I have this gift of time and I’m not sure how to make it count, to maximize each minute.

I read an article on happiness and it said that sometimes the pressure of feeling like you have to be happy causes unhappiness. I’m not unhappy. I’m frustrated. Most with CF don’t get what I have. So, perhaps, like happiness, the pressure to make the most of every minute is causing me to be irritated with the time I have and the feeling I’m not doing enough with it.

And then there is trump. Wow. Life makes less sense now than it ever has.



From hero to zero

[I may be the luckiest guy in the world, but even I have moments when I can’t figure out how to get out of a maze. That’s what this post is: my way of looking for an exit.]

For the past two years, my new job has been rough on my ego. More like, crushed what little I have of one. I had planned on being higher up in the food chain when I was hired, with more say over the direction of the company and my own path – a righthand man to the VP.  Ah, but he went and got himself canned the day before I started. Nice, as he was the reason I joined.

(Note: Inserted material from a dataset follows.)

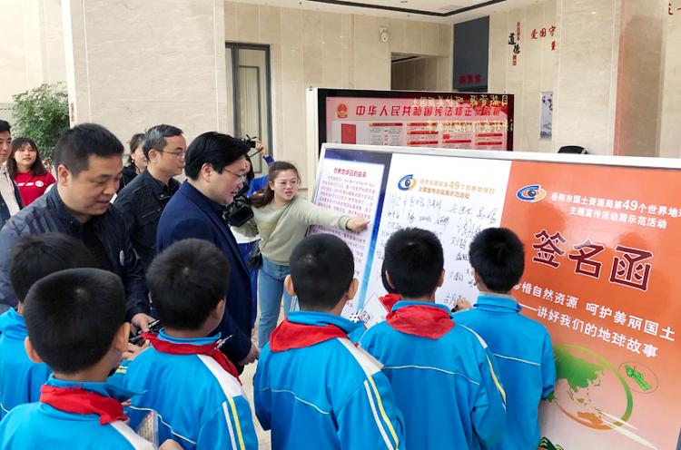 三是创新活动形式,注重宣传实效。4月23日,由岳阳市国土资源局主办、岳阳市国土资源局南湖新区分局和区教育文体科技局协办的“地学科普基地开放日”活动在岳阳市地理信息展厅举办。市国土资源局党组成员、机关党委书记周治中,市国土资源局地环科、市地理信息中心、南湖新区国土分局相关负责人,以及金鹗小学学生代表等近200余人参加活动。学生们通过“看”图文并茂的陈列展品、“听”生动有趣的讲解陈述、“学”地球地学基础知识、“答”有奖知识竞答、“签”地球保护承诺等活动,树立起从小珍惜资源、保护地球环境的意识。

Luckily the new company still wanted me. And I’ve treated the last two years as a learning experience with a certain quote ringing round in my empty head: You’re not who you think you are, you’re who others think you are. 

Oh, how I’ve learned that lesson – and many others.

A headstrong group of individuals on the team is a chummy bunch and blocks others from being part of important decisions. It’s a fan club of 3 using the Hollywood style of complimenting each other (you’re great; no, you’re greater). I’m living a life of exile thanks to this inexperienced trio, which ironically I was supposed to have some creative control over.

The deepest cut happened when a replacement manager, who is a pal of the threesome, joined, reinforcing my downward trajectory from hero to zero. If there is a silver lining, I’m not alone in my frustration with the Hollywood 3 or the new manager and his weak management style. But as good as it feels to know others suffer too, it doesn’t grant me input and influence in projects.

I’m shooting to live at least another 3.5 years to see my daughter graduate from high school. How I’m going to fill my time between now and then (other than time spent in the hospital and doctors’ offices) is the question that haunts me.

It’s impossible not to ask: What if?

What if I didn’t have cystic fibrosis? This frigging nightmare disease cuts into every decision of my life. Some might just take it easy and collect a check. Or find another job, which isn’t easy to do with cf. I need to feel like I have value and I’m spending my time well. But it’s a heavy load when cf and others control my destiny and I can’t figure out how to move forward.